Foot neuropathy is one of the symptoms of foot pain resulting from tibial nerve injuries, presenting as burning, heat, impaired temperature perception, and tingling in the heels and sole [6-8]. Diabetics also tend to experience foot neuropathy due to alterations in the microcirculation of the feet [9]. This condition is known as diabetic polyneuropathy (DPN). Previous studies confirmed the presence of tibial nerve swelling in the tarsal tunnel and chronic compression of the tibial nerve in DPN patients [10].

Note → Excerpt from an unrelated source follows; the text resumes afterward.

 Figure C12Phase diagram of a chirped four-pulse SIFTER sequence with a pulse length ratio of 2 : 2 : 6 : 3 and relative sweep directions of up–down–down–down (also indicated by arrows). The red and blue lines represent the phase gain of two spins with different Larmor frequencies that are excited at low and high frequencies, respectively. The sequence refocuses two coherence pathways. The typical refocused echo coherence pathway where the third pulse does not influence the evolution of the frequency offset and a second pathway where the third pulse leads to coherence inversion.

Ultrasonography (US) is a widely used diagnostic tool to help visualize peripheral nerve conditions, including cross-sectional area (CSA) [11]. There are various reports of anatomical variations in the size of the tibial nerve CSA and their terminal branching point. Understanding the anatomical variations of this nerve is essential for clinical practice. In this review, we describe anatomical variations of the tibial nerve in clinical and cadaveric studies, focusing on variations in the terminal branching point and CSA of the tibial nerve at the level of the proximal tarsal tunnel of ankle area using the medial malleolus as an anatomical landmark.

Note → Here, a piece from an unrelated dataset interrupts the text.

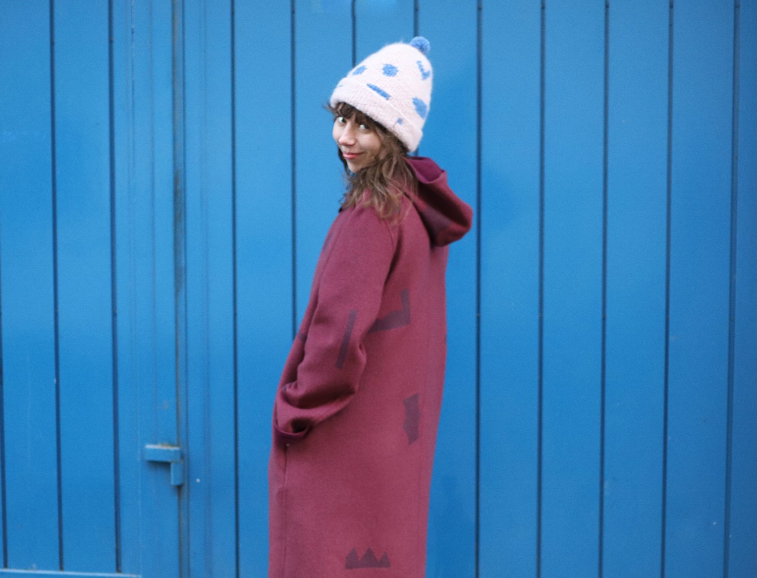 BLUE SHAPES MOHAIR CAP

Sources of research data were obtained from PubMed and Google Scholar databases. The article search was limited to the English language. We did not attempt to limit the time of publication of the articles. The keywords used in the search were tibial nerve, posterior tibial nerve, cross-sectional area, tarsal tunnel syndrome, neuropathy, and diabetic polyneuropathy.
In the ankle area, the tibial nerve, located on the posteromedial side of the medial malleolus, runs in the tarsal tunnel [12]. The tarsal tunnel is a narrow fibro-osseous space covered by the flexor retinaculum (laciniate ligament) [7, 13]. This tunnel includes multiple structures such as the tibialis posterior tendon, flexor digitorum longus tendon, posterior tibial artery, posterior tibial vein, tibial nerve, and flexor hallucis longus tendons [14]. Due to its narrow space and structures, this tunnel has been reported to be the most common site for entrapment of the tibial nerve [15].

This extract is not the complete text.